# Aim of the exercise
Pictures in the records below must be left out. Return exactly the lines from the line with "贴心提示:火攻任务在战争地图" to the line with "永観堂は、南禅寺から北へ行っ", both included.

# Input data
┌──

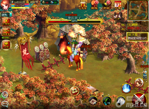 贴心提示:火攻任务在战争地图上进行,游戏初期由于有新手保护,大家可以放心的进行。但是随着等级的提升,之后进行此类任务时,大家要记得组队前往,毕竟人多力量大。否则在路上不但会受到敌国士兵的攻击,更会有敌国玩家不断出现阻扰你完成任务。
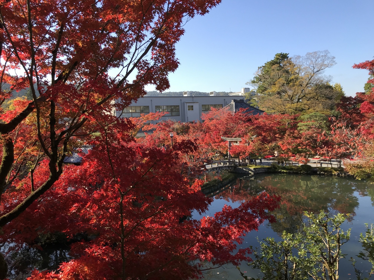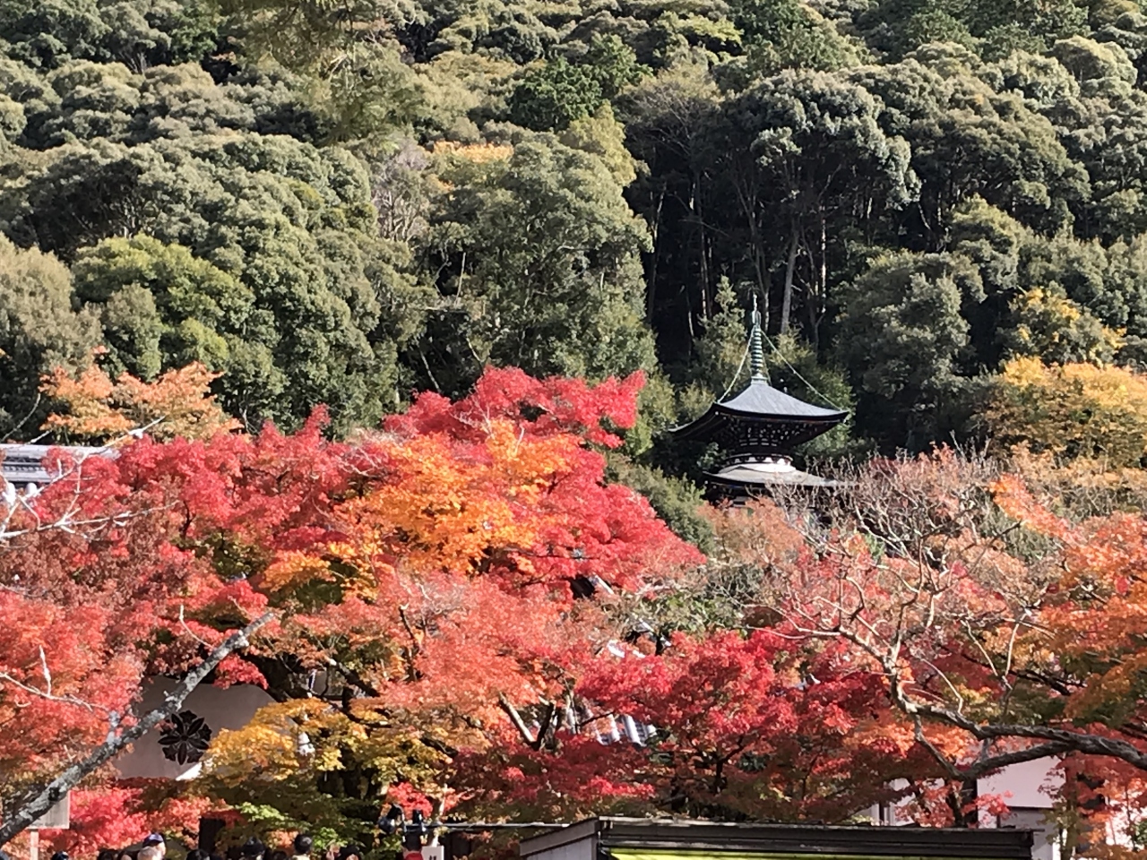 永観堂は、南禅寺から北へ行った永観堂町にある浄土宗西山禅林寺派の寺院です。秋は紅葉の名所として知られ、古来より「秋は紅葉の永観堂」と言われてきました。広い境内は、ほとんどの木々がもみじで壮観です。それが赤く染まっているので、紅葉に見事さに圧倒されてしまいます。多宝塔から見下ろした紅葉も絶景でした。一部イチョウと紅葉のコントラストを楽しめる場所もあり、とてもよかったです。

└──
┌──

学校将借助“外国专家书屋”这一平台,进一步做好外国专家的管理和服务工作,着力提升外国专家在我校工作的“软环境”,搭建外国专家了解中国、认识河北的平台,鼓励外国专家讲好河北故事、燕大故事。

└──
┌──

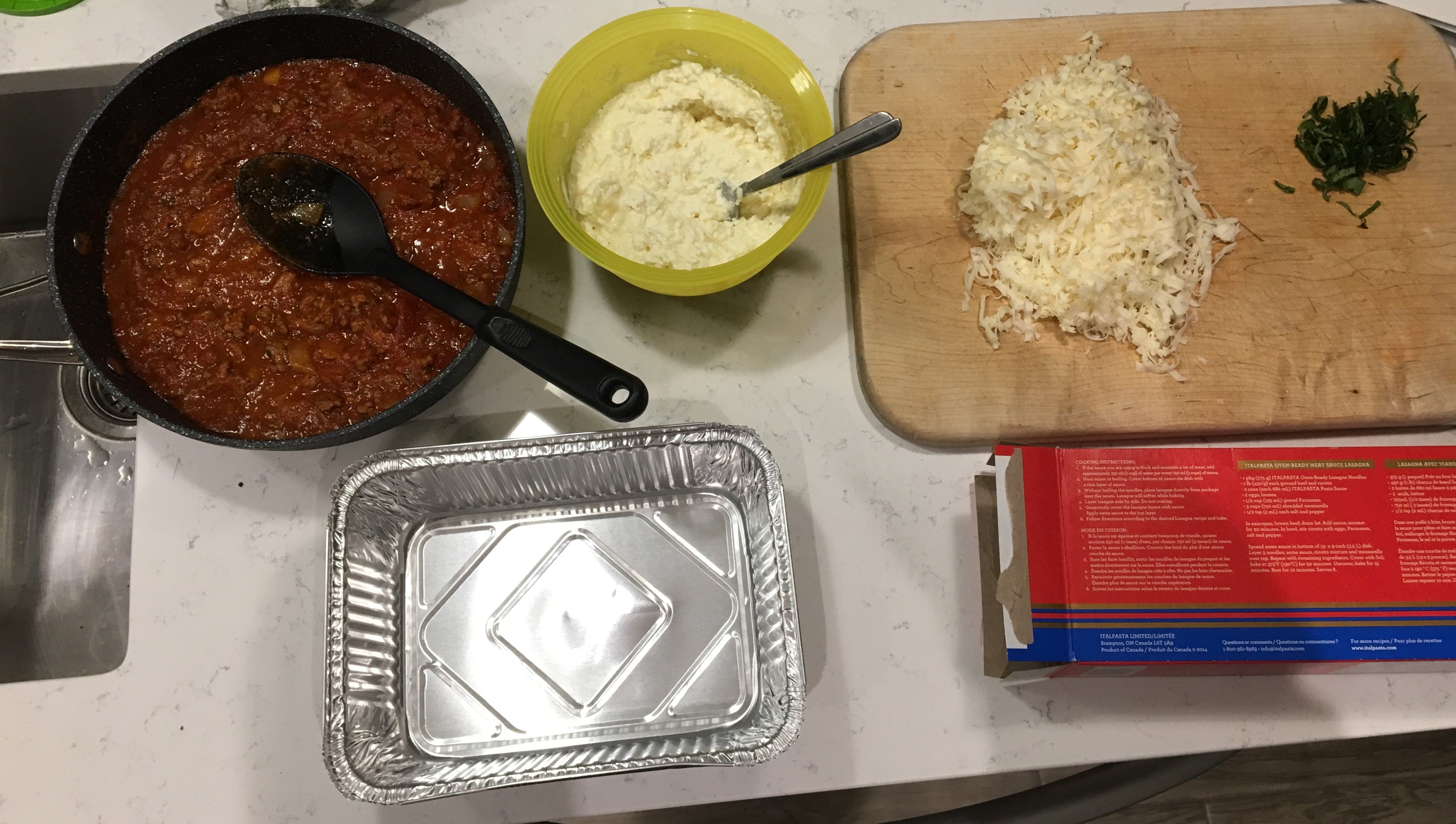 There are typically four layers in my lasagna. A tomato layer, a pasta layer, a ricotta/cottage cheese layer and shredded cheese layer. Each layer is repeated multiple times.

└──

# Task answer
 贴心提示:火攻任务在战争地图上进行,游戏初期由于有新手保护,大家可以放心的进行。但是随着等级的提升,之后进行此类任务时,大家要记得组队前往,毕竟人多力量大。否则在路上不但会受到敌国士兵的攻击,更会有敌国玩家不断出现阻扰你完成任务。
 永観堂は、南禅寺から北へ行った永観堂町にある浄土宗西山禅林寺派の寺院です。秋は紅葉の名所として知られ、古来より「秋は紅葉の永観堂」と言われてきました。広い境内は、ほとんどの木々がもみじで壮観です。それが赤く染まっているので、紅葉に見事さに圧倒されてしまいます。多宝塔から見下ろした紅葉も絶景でした。一部イチョウと紅葉のコントラストを楽しめる場所もあり、とてもよかったです。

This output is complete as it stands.